Notice: Transcripts are machine and human generated and lightly edited for accuracy. They may contain errors.

ROBERT COSTA: Welcome to the Washington Week Extra. I’m Robert Costa.

Joining us tonight for our Washington Week Bookshelf is Joe Scarborough, host of Morning Joe on MSNBC and author of the new book Saving Freedom: Truman, The Cold War and The Fight for Western Civilization. Joe, welcome.

JOE SCARBOROUGH: Thank you, Bob, for having me. I appreciate it.

MR. COSTA: Joe, I have just finished your book here. It’s a terrific read. It’s an illuminating read, too, on former President Harry S. Truman. The book discusses how Truman entered politics late in life and how he was often underestimated, and he assumed the presidency just months after being tapped as vice president. It also outlines Truman’s ability to convince a weary American public to support governments in Greece and Turkey as a bulwark against Soviet communism. Truman worked with advisors like General George Marshall and even worked across the aisle with top Republican Senator Arthur Vandenberg to advance foreign policy. And in the book, Joe writes that Truman’s efforts to win that support marked, quote, “the greatest ‘selling job’ of his political career. Only presidential leadership of the most vigorous character could marshal the necessary support to pull reluctant Democrats and Republicans to his side.” Joe, what drew you to Truman? I was struck by the New York Times review of your book, too, about how you talk about in this book and it’s so evident the agency of politicians, how history is made not just by the currents of social change and different dynamics and events but by people in power.
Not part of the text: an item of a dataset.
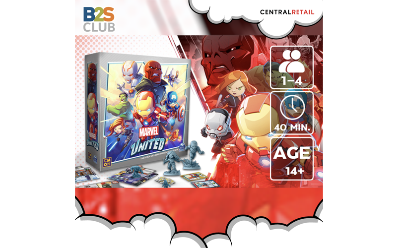 เกมสุดท้าย แฟนจักรวาล marvel ไม่ควรพลาด ชื่อว่า MARVEL UNITED เหมาะสำหรับอายุ 14 ปีขึ้นไป ใช้เวลาเล่นประมาณ 30 - 45 นาที เกมสำหรับสายวางแผนกลยุทธ์ สามารถเล่นได้ 1 – 4 คน เนื่องเรื่องเกมภัยร้ายครั้งใหม่กลับมาอีกครั้งภายใต้การนําของจอมวายร้ายที่สร้างความโกลาหล ทําร้ายผู้บริสุทธิ์ และมุ่งที่จะยึดครองโลกใบนี้ จะมีทางไหนที่จะต่อต้านจอมวายร้ายนี้ได้?ถึงแม้ว่าวายร้ายนั้นจะมีพลังอํานาจมากเพียงใด แต่พวกเราก็ยังคงมีความหวังอันยิ่งใหญ่ คือ‘เหล่าฮีโร่!’ที่เดินทางไปทั่วโลกเพื่อปกป้องผู้คน สยบภัยคุกคาม และเผชิญหน้ากับเหล่าวายร้ายนับครั้งไม่ถ้วน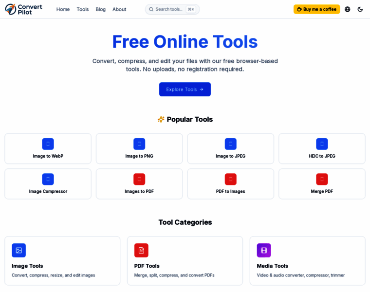 ConvertPilot offers free online tools for image conversion, PDF manipulation, image, media processing, and developer utilities. All processing happens in your browser - fast, private, and secure.

MR. SCARBOROUGH: Well, you know, we always talk about the great men, and you’re right, it’s something that I took from the New York Times review of the book that we’re always so taken by the wise men of Washington. You know, I had such great respect and admiration for Mika’s dad, Dr. Brzezinski, and you go back to the people that were around Harry Truman and we always talk about the wise men – the General George Marshalls, the Dean Acheson, the George Kennan, of course Averell Harriman, the Clark Cliffords, the men who – and it was men at that time – who dominated Washington, D.C. and provided wise counsel to presidents, often in both parties. But what made Harry Truman’s fight to pass the Truman doctrine, to pass the Marshall Plan, to get NATO approved, and even to mastermind the Berlin Airlift was his ability to reach across the aisle. And for Harry Truman, this guy that started as a machine politician in Kansas City, Missouri, to work with Arthur Vandenberg, an avowed isolationist and a Republican who had spent his life growing up in Grand Rapids, and had also just been obsessed with the nuts and bolts of politics, and they were able to get together and figure out a way to move not only the Republican Party beyond an isolationist stance that it had had for a century but also to move the entire country away from an isolationist stance that the – that the United States of America had adopted since George Washington’s Farewell Address when he warned, when he was leaving the White House, against America getting involved in foreign entanglements. It really didn’t matter how many wise men Harry Truman had around him; what mattered was he knew how the Senate worked, he knew how to reach out to Arthur Vandenberg. He even knew at the end how to get Robert Taft, Mr. Republican – an avowed, dyed-in-the-wool isolationist – to support this radical approach to foreign policy that suggested that the United States had to stay engaged in the world to beat Soviet communism, to stop Stalin in his tracks, and they needed to do it even in peacetime two years after the greatest war in American history had just ended.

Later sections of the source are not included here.